For each row in the properties file, I need to create a DataFrame and save it in a file. Loading the properties file using PropertiesReader. if the mode is single then I need to get only the column value from the table. But if multi, then I need to get the list of values.
val propertyColumn = properties.get("a01") //a01 value we are getting as an argument. This might be a01,a02 or a0n
val columns = propertyColumn.toString.split(",").map(_.toString)
act_det table -
+-------+--------+-----------+-----------+-----------+------------+
|id |act_id |status |perm_id |actv_id | debt_id |
+-------+--------+-----------+-----------+-----------+------------+
| 1 |1 | 4 | 1 | 10 | 1 |
+-------+--------+-----------+-----------+-----------+------------+
| 2 |1 | 4 | 2 | 20 | 2 |
+-------+--------+-----------+-----------+-----------+------------+
| 3 |1 | 4 | 3 | 30 | 1 |
+-------+--------+-----------+-----------+-----------+------------+
| 4 |2 | 4 | 5 | 10 | 3 |
+-------+--------+-----------+-----------+-----------+------------+
| 5 |2 | 4 | 6 | 20 | 1 |
+-------+--------+-----------+-----------+-----------+------------+
| 6 |2 | 4 | 7 | 30 | 1 |
+-------+--------+-----------+-----------+-----------+------------+
| 7 |3 | 4 | 1 | 10 | 3 |
+-------+--------+-----------+-----------+-----------+------------+
| 8 |3 | 4 | 5 | 20 | 1 |
+-------+--------+-----------+-----------+-----------+------------+
| 9 |3 | 4 | 2 | 30 | 3 |
+-------+--------+-----------+-----------+------------+-----------+
Main DataFrame -
val data = sqlContext.sql("select * from act_det")

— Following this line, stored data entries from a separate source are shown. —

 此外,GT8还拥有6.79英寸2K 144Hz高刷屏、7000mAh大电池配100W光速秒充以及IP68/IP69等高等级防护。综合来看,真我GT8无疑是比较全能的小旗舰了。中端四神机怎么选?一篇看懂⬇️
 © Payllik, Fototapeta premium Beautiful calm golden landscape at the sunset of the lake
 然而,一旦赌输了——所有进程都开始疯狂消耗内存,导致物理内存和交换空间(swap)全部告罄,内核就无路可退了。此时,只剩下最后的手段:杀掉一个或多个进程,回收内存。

I want the following output -
For a01 -
+-------+--------+-----------+
|act_id |status |perm_id |
+-------+--------+-----------+
| 1 | 4 | [1,2,3] |
+-------+--------+-----------+
| 2 | 4 | [5,6,7] |
+-------+--------+-----------+
| 3 | 4 | [1,5,2] |
+-------+--------+-----------+
For a02 -
+-------+--------+-----------+
|act_id |status |actv_id |
+-------+--------+-----------+
| 1 | 4 | [10,20,30]|
+-------+--------+-----------+
| 2 | 4 | [10,20,30]|
+-------+--------+-----------+
| 3 | 4 | [10,20,30]|
+-------+--------+-----------+
For a03 -
+-------+--------+-----------+-----------+
|act_id |status |perm_id |actv_id |
+-------+--------+-----------+-----------+
| 1 | 4 | [1,2,3] |[10,20,30] |
+-------+--------+-----------+-----------+
| 2 | 4 | [5,6,7] |[10,20,30] |
+-------+--------+-----------+-----------+
| 3 | 4 | [1,5,2] |[10,20,30] |
+-------+--------+-----------+-----------+
But the data frame creation process should be dynamic.

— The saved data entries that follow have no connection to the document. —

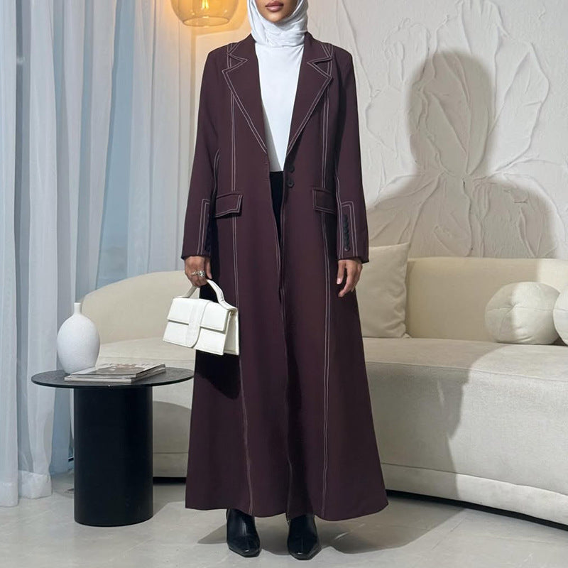 معطف أنيق طويل مصمم بقصة محكمة، يتميز بياقة حادة وأكتاف محددة وخياطة علوية متباينة تبرز جمال التصميم. قطعة أنيقة للغاية لإطلالة مميزة ومتكاملة. اسم القماش: بوليستر وقطن المقاس الكتف (سم) الصدر (سم) الخصر (سم) الورك (سم) الكم (سم) الطول (سم) S 43 102 96 110 62 141 M 44 106 100 114 63 142 L 45 112 106 120 64 143 XL 46 118 112 126 65 144
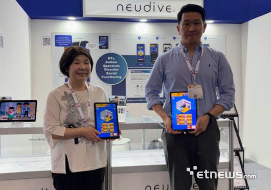 세계 최대 의료기기 박람회 'MEDICA 2025' 현장에서 뉴다이브 조성자 대표(왼쪽)와 한국뇌연구원 정민영 선임연구원(오른쪽)이 자폐스펙트럼장애(ASD) 디지털 인지행동 치료기기를 선보이고 있다 |
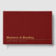 Real Foil Simple Modern Gold Script Wedding Guest Books features elegant modern gold script typography with your names and wedding date below on a burgundy red background. Add your custom text on the spine of the guest book. Created by Evco Studio www.zazzle.com/store/evcostudio
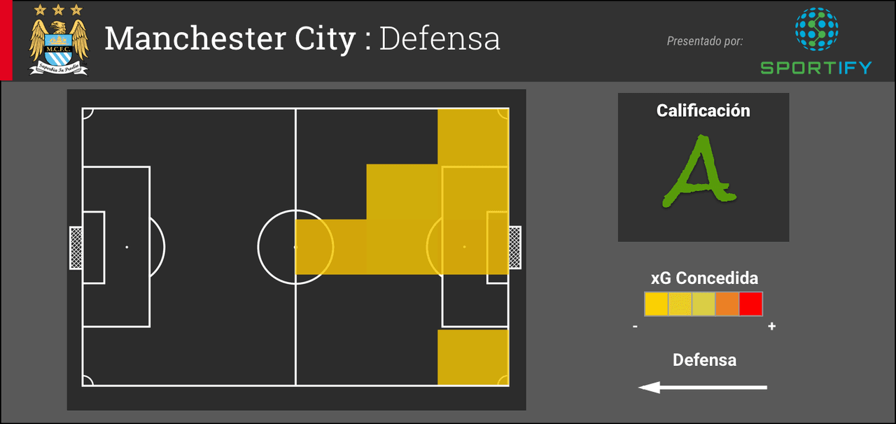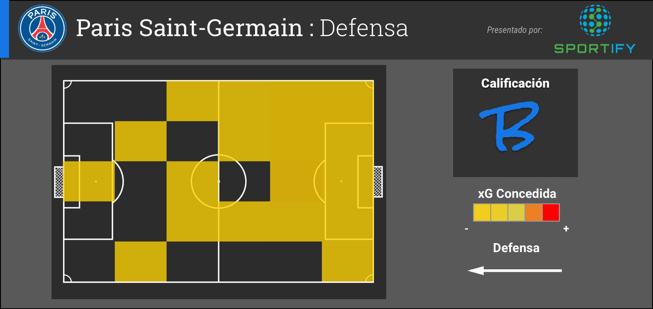 En la defensa, el City perdió 69 duelos - su peor rendimiento de la temporada. Para el PSG, Adrien Rabiot gano 19 duelos, la mayor cantidad para un jugador esta temporada. En las visualizaciones, se ve que el PSG concedió expectativa de gol en varias zonas de la cancha, mientras que el Manchester City limitó las zonas en donde le concedió oportunidades al visitante.

I have tried below code but I am not able to implement the join logic for the DataFrames in loop.
val finalDF:DataFrame = ??? //empty dataframe
for {
column <- columns
} yeild {
val eachColumn = column.toString.split(":").map(_.toString)

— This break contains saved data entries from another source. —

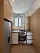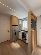 - Cocina integrada con revestimientos en porcelanato, amueblamientos a medida y ventilación natural
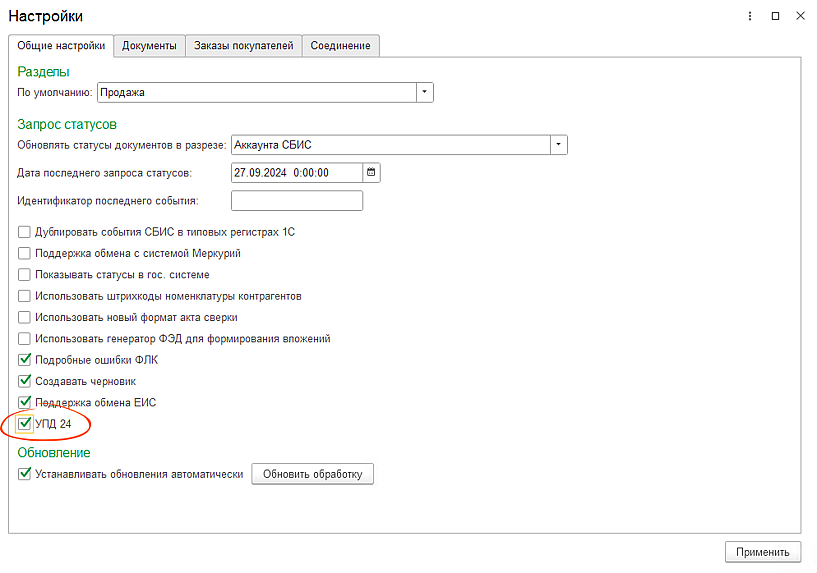 Для корректной работы внешней обработки включите поддержание нового формата УПД, поставив галочку в настройках модуля.
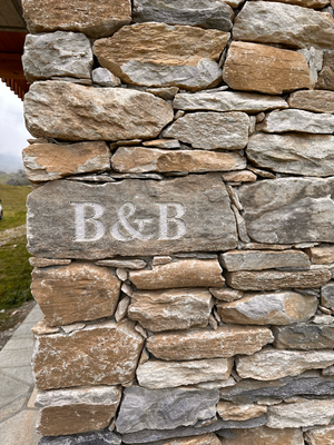 La baita è stata costruita a fianco del punto vendita e caseificio aziendale seguendo le caratteristiche e le regole architettoniche del paesaggio di montagna : pietra a vista, legno e tetto in lose.
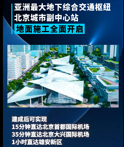 香港新聞網11月14日電 近日,亞洲最大地下綜合交通樞紐——北京城市副中心站地面施工全面開啟,距離正式開通更近一步。
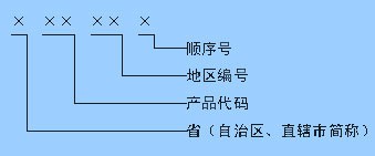 四、生產(chǎn)登記批準(zhǔn)書采用全國(guó)可識(shí)別的編號(hào)方法,由省(自治區(qū)、直轄市)簡(jiǎn)稱、產(chǎn)品代號(hào)、地區(qū)編號(hào)、順序號(hào)組成,如下圖所示:

val columnName = eachColumn(0)
val mode = eachColumn(1)
if(mode.equalsIgnoreCase("single")) {
data.select($"act_id", $"status").distinct
//I want to join finalDF with data.select($"act_id", $"status").distinct
} else if(mode.equalsIgnoreCase("multi")) {
data.groupBy($"act_id").agg(collect_list($"perm_id").as("perm_id"))
//I want to join finalDF with data.groupBy($"act_id").agg(collect_list($"perm_id").as("perm_id"))
}
}
Any advice or guidance would be greatly appreciated.
Check below code.
scala> df.show(false)
+---+------+------+-------+-------+-------+
|id |act_id|status|perm_id|actv_id|debt_id|
+---+------+------+-------+-------+-------+
|1 |1 |4 |1 |10 |1 |
|2 |1 |4 |2 |20 |2 |
|3 |1 |4 |3 |30 |1 |
|4 |2 |4 |5 |10 |3 |
|5 |2 |4 |6 |20 |1 |
|6 |2 |4 |7 |30 |1 |
|7 |3 |4 |1 |10 |3 |
|8 |3 |4 |5 |20 |1 |
|9 |3 |4 |2 |30 |3 |
+---+------+------+-------+-------+-------+
Defining primary keys
scala> val primary_key = Seq("act_id").map(col(_))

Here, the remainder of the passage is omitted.